If the inner tetrahedron is scaled by a factor $f$, then its top two vertices will be at height $hf$, so let's look at how the plane $z=hf$ cuts the outer tetrahedron. At $f=0$ it results in the square with vertices $(\pm 1, \pm 1, 0)$, and at $f=1$ it is the degenerate rectangle $(\pm 2, \pm 0, h)$. The tetrahedron edges are straight lines so we can interpolate linearly between these to find the rectangle $(\pm(1+f), \pm(1-f), hf)$.

The top two vertices of the unrotated scaled inner tetrahedron lie at $(\pm 2f, 0, hf)$. If you rotate the inner tetrahedron around the $z$-axis $x=y=0$ until its vertices hit the outer tetrahedron, you can look only in the $z=hf$ plane to see vertex at $(2f,0)$ rotating about $(0,0)$ until it hits a long side of the rectangle at $y=\pm (1-f)$. This obviously means the angle is $\sin^{-1} (\frac{1-f}{2f})$.

Using pythagoras, the coordinate of vertex after rotation is $(\pm\sqrt{3f^2+2f-1}, 1-f, hf)$.

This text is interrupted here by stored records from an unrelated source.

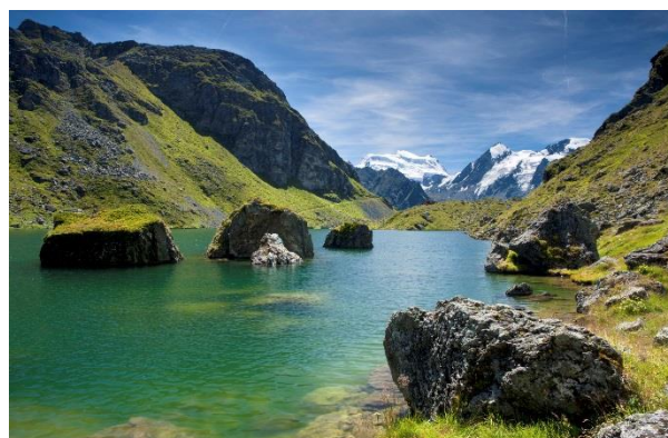
Lac de Louvie
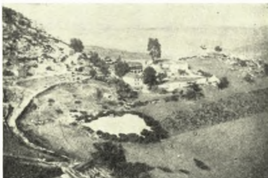
Εἰκ. 1. Ἀποψις τῆς Μονῆς Πυλαίου ἀπὸ ΝΔ.

Θέσις. Ὁ ἀπὸ Γρεβενῶν πρὸς Σαμαρίναν ὁδεύων παρὰ τὸν Γρεβενίτικον ποταμόν, παραπόταμον τοῦ Ἀλιάκμονος, συναντᾷ κατὰ τὸ 20 ον χιλιόμετρον πρὸς δυσμὰς ἓνα τῶν νοτιοανατολικῶν προβούνων τοῦ χιονοσκεποῦς τὸ πλεῖστον τοῦ ἔτους Σμόλικά (ὕψ. 2547) τῆς ὁροσειρᾶς τῆς Πίνδου, ὑψηλὸν καὶ ἀπότομον,
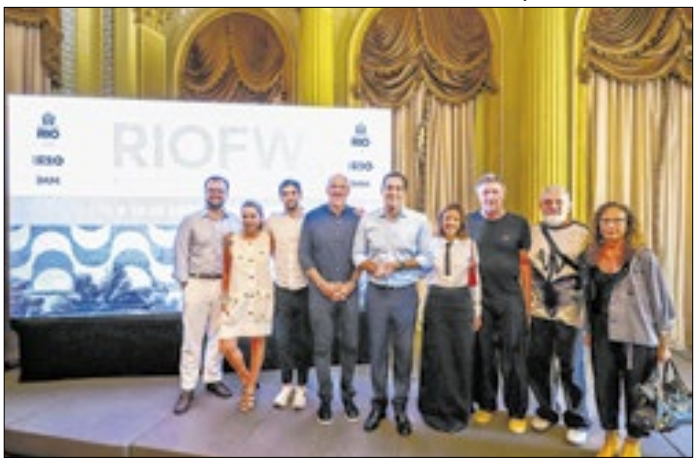
Vice-prefeito Eduardo Cavaliere foi o anfitrião do evento
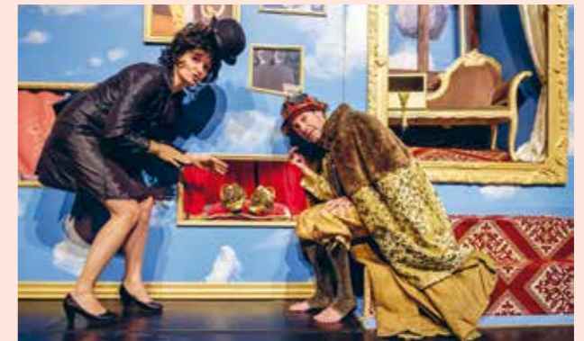
De Koning Zonder Schoenen (3+)
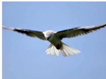
10 Elanus leucurus ACCIPITRIDAE
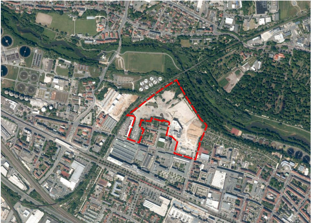
Abbildung 1: Änderungsbereich der 29. Änderung des FNP; ohne Maßstab
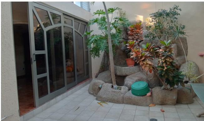
Patio con cascada
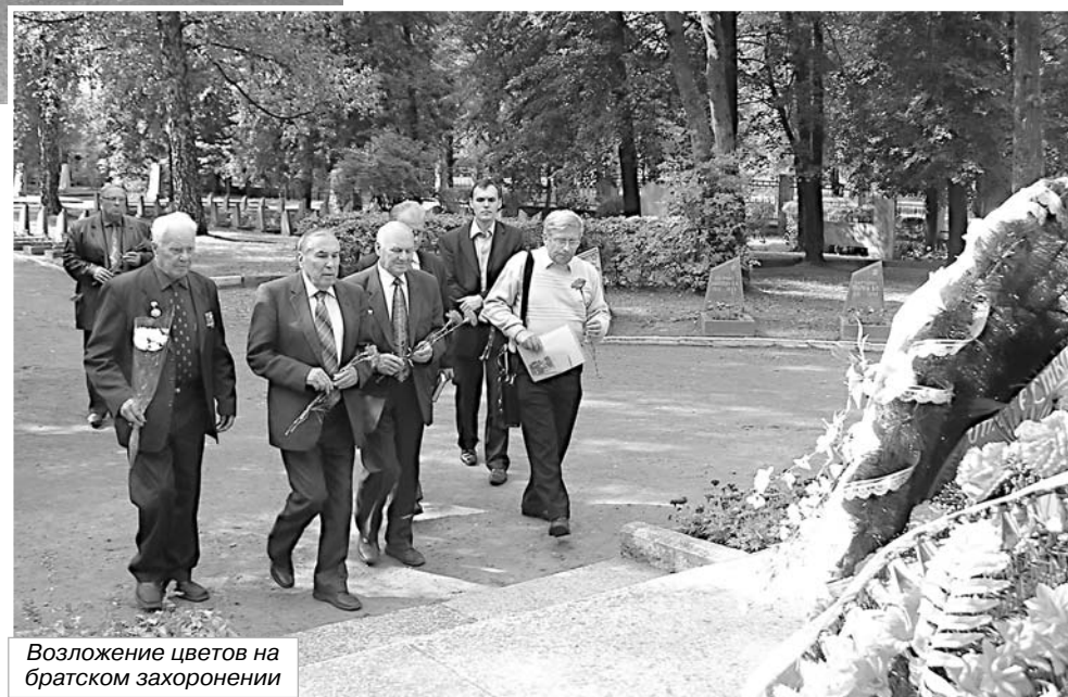
Возложение цветов на братском захоронении
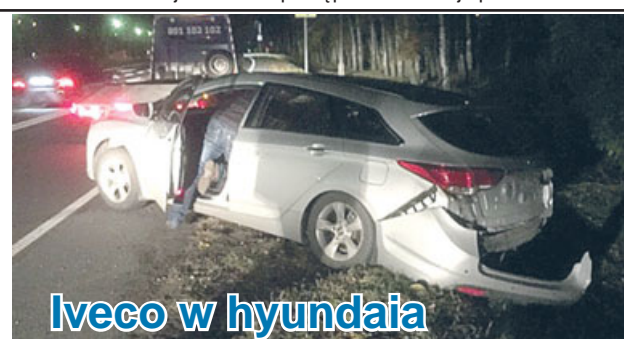
Iveco w hyundaia

Tej samej nocy (00.36) dyżurny Policji otrzymał zgłoszenie o wypadku drogowym, do którego doszło w Ostrzeszowie - Pustkowie. 18-letnia mieszkanka gminy Ostrzeszów, kierująca audi a3, nie dostosowała prędkości do panujących warunków, zjechała na prawe pobocze i uderzyła w drzewo. Dziewczyna była trzeźwa. W samochodzie znajdowało się również dwóch pasażerów, jeden z nich - 22-letni mieszkaniec Ostrzeszowa - odniósł poważne obrażenia - przewieziono go do ostrzeszowskiego szpitala. 18-lątka straciła prawo jazdy. Prowadzone jest dalsze postępowanie w tej sprawie.
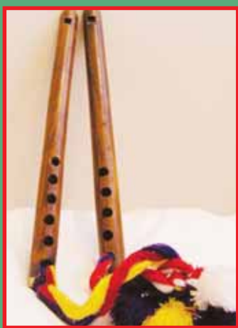
ਲੁਧਿਆਣੇ ਲਵੇ ਦੇ ਲਗੋਜਿਆਂ ਦੇ ਸ਼ੌਕੀ ਬਾਹਲੇ...
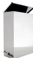
Lixeira Inox Basculante e pedal QUADRAT 7 70.330
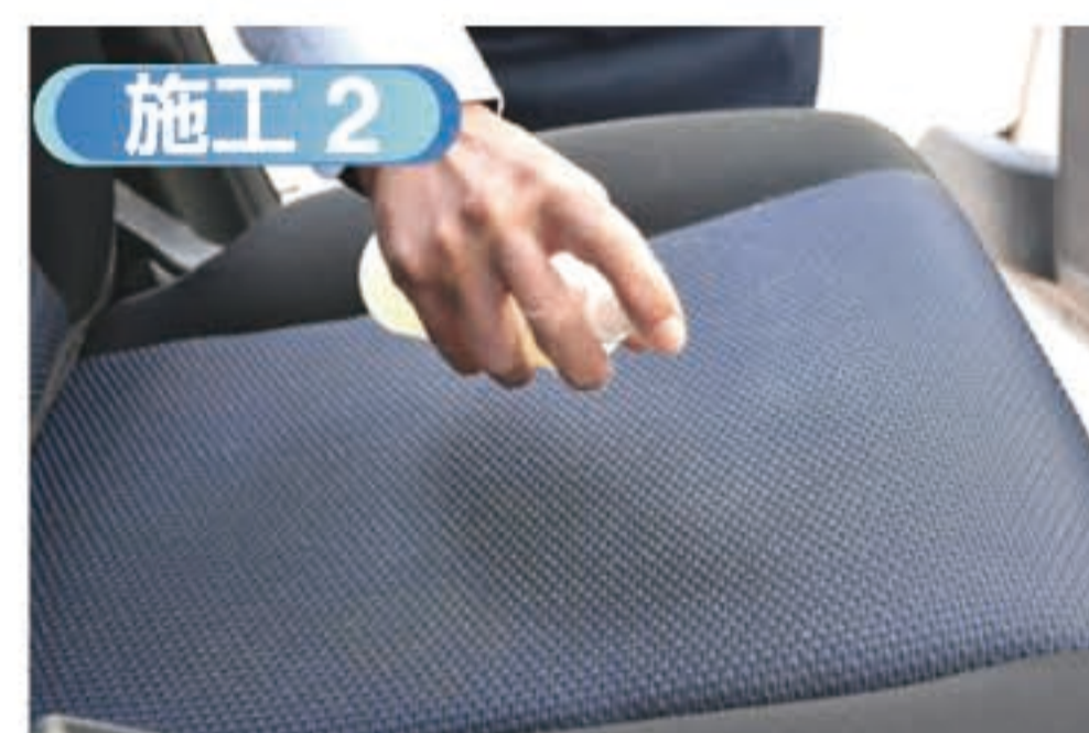
■ アレルリムーバー A をスプレーしダニの糞などを擬集し吸着効果を最大限に高めます。
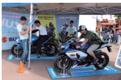
ニューモデルの乗車体験が行われたSUZUKIブース(グランドスタンドプラザ)。
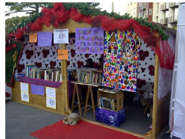
Diciembre 2012 - Sagunto. Campaña Libros Solidarios

As has already been said, these vertex points for varying $f$ lie on the intersection of a cone, namely $x^2+y^2=(2f)^2=(\frac{2z}{h})^2$, and a plane, the face of the tetrahedron $y=1-f=1-\frac{z}{h}$. Since the plane is at a steeper angle than the cone angle, the vertex points trace out a hyperbola.